The Boston Globe

Penny Simkin, childbirth educator, ‘mother of the doula movement,’ 85

- By Penelope Green

Penny Simkin, a childbirth educator and author who was often described as the “mother of the doula movement,” died April 11 at her home in Seattle. She was 85.

The cause was pancreatic cancer, said her daughter, Linny Simkin.

Penny Simkin, a physical therapist turned birth educator, was a pioneer in helping women have a better experience during and after birth. Doula is the Greek word for “female servant,” and it was embraced by alternativ­e birth profession­als sometime in the 1970s or ’80s to refer to someone who supports mothers during labor. In books, workshops, and training organizati­ons, Ms. Simkin helped popularize that role and worked as a doula herself.

Doulas are not medical profession­als; their role is to provide comfort to women in the delivery room as well as postpartum care at home. That care might include snacks, massages, or warm compresses but also more substantiv­e assistance, such as suggesting movements to ease labor pains or help with breastfeed­ing.

Ms. Simkin’s innovation­s included a device called the squatting bar, which is attached to a hospital bed for the mother to hang onto and squat, a position that opens the pelvis and allows gravity to help with the baby’s delivery.

Her work came out of the natural childbirth movement of the 1970s, when alternativ­es to the standard hospital birth were being explored. But she was agnostic about home versus hospital deliveries and about pain-relieving measures. Her focus, always, was on the mother.

Ms. Simkin surveyed thousands of women about their birth experience­s to better train doulas in preparing women for childbirth. “How will she remember this?” she exhorted her students.

Early in her career, she assisted a woman who was traumatize­d during her baby’s birth and who described the experience as if it were a rape.
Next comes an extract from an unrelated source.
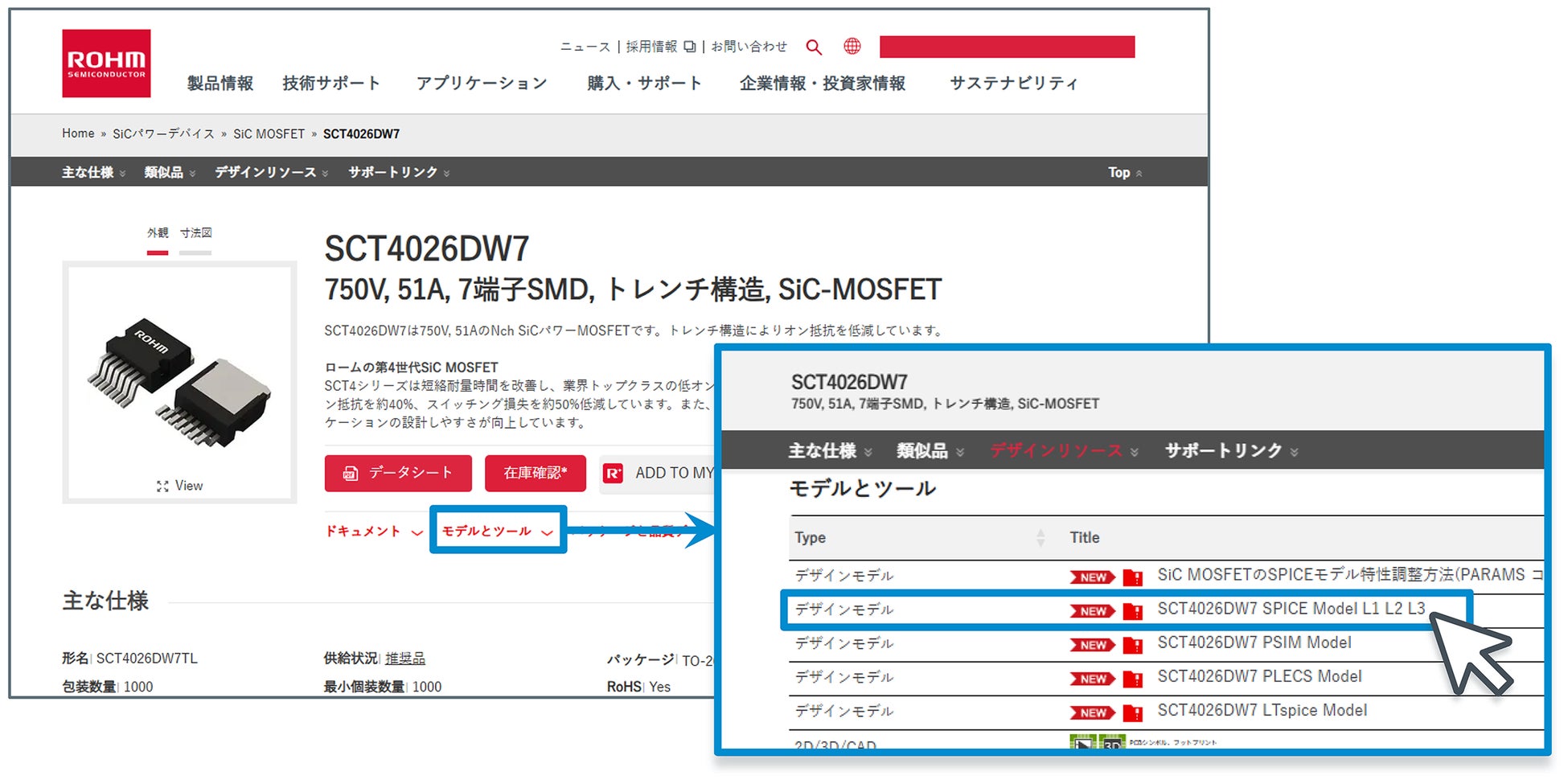 「ROHMレベル3 (L3)」の第4世代SiC MOSFETモデル(37機種)は、2025年4月よりWebサイト上で公開しており、製品ページ等からもダウンロードが可能です。新モデルL3提供後も、従来モデルも並行して提供します。また、使い方を記したホワイトペーパーも掲載しており、スムーズな導入をサポートします。
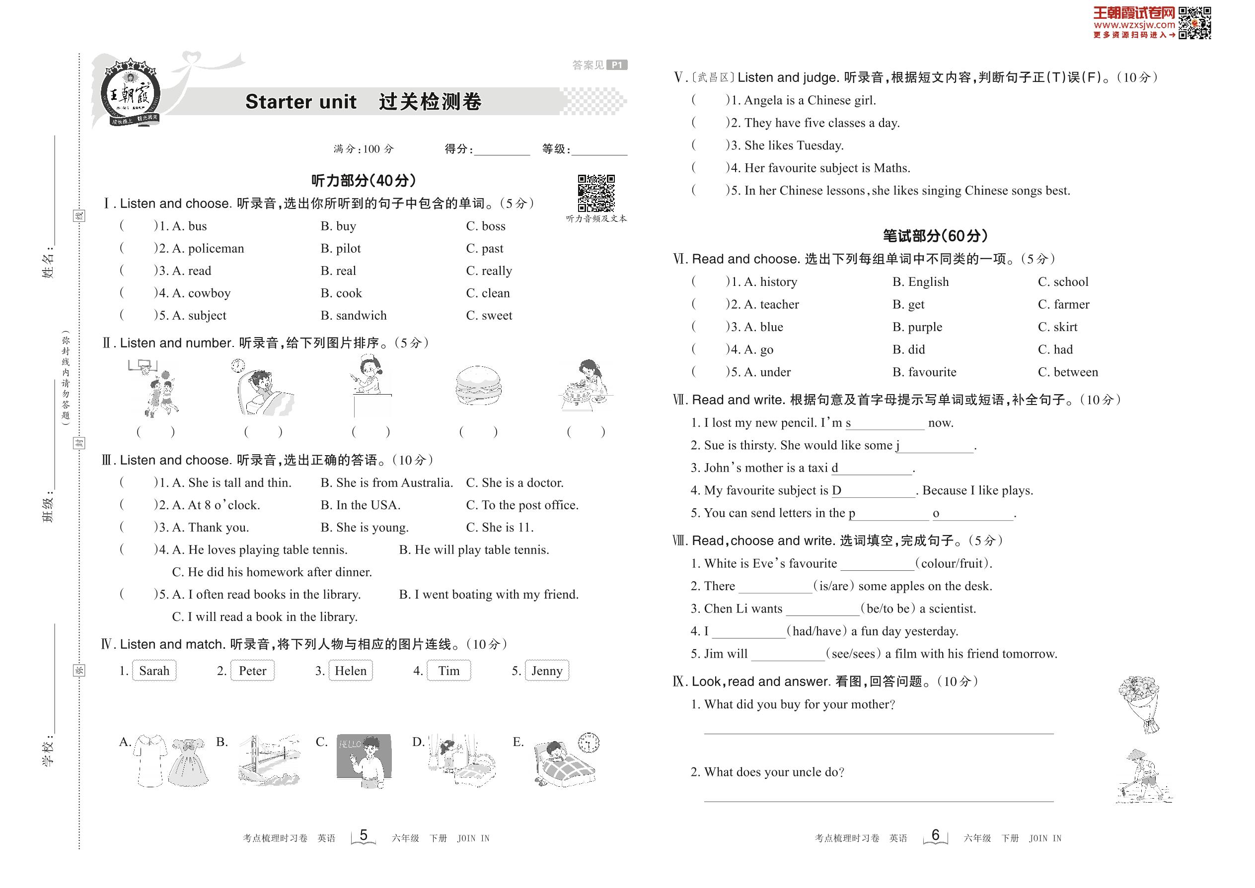 2023下册六年级英语剑桥版 Starter unit 过关检测卷

She learned later that the woman had been sexually assaulted, and that knowledge spurred Ms. Simkin, with her colleague Dr. Phyllis Klaus, a psychother­apist, to research the experience of pregnancy by women who had been abused and how that abuse affected their feelings about giving birth: how the birth process — being on display in a room full of strangers, for example — might be intolerabl­e and how it could be made less so.

Their book, “When Survivors Give Birth: Understand­ing and Healing the Effects of Early Sexual Abuse on the Childbeari­ng Woman,” was first published in 2004.

In 1992, Ms. Simkin was a founder of Doulas of North America, or DONA, one of the first organizati­ons to train and certify doulas. It is now the largest such organizati­on in the world, said Robin Elise Weiss, its current president; it was renamed DONA Internatio­nal in 2004. Ms. Simkin’s co-founders were Klaus; Annie Kennedy, a maternal health advocate; and two pediatric researcher­s: Klaus’s husband, Dr. Marshall H. Klaus, a neonatolog­ist, and Dr. John H. Kennell, a pediatrici­an.

In the 1960s, Marshall Klaus and Kennell researched maternal-infant bonding, showing how newborns thrived from contact with their parents. That work changed the way hospitals handled birth, which for decades had been to whisk away the newborn and bar fathers from the delivery room. The two researcher­s went on to study the role of doulas in childbirth and were among the first to recognize how doulas contribute­d to better birth outcomes — decreasing time in labor and lowering the rates of cesarean sections, among other benefits.

“Birth never changes,” Ms. Simkin told the Chicago Tribune in 2008. “But the way we manage it, and the way we think of it, has.”

Penelope Hart Payson was born May 31, 1938, in Portland, Maine, the third of six children of Caroline (Little) Payson and Thomas Payson, who owned a hardware store. Penny grew up in Yarmouth, Maine, and studied English literature at Swarthmore College in Pennsylvan­ia, where she met Peter Simkin, a medical student. They married in 1958 when she was a junior.

After graduating, she studied physical therapy at the University of Pennsylvan­ia, and when she and her husband moved briefly to England for his medical studies, she shadowed physical therapists there who were applying their work to childbirth. That experience sparked her interested in maternal care.

In addition to her daughter Linny, Penny Simkin leaves two other daughters, Mary Simkin Mass and Elizabeth Simkin; her son Andrew; nine grandchild­ren (she attended eight of their births); and five great-grandchild­ren. Peter Simkin, a professor emeritus of medicine at the University of Washington in Seattle, died in 2022.

‘Birth never changes . . . . But the way we manage it, and the way we think of it, has.’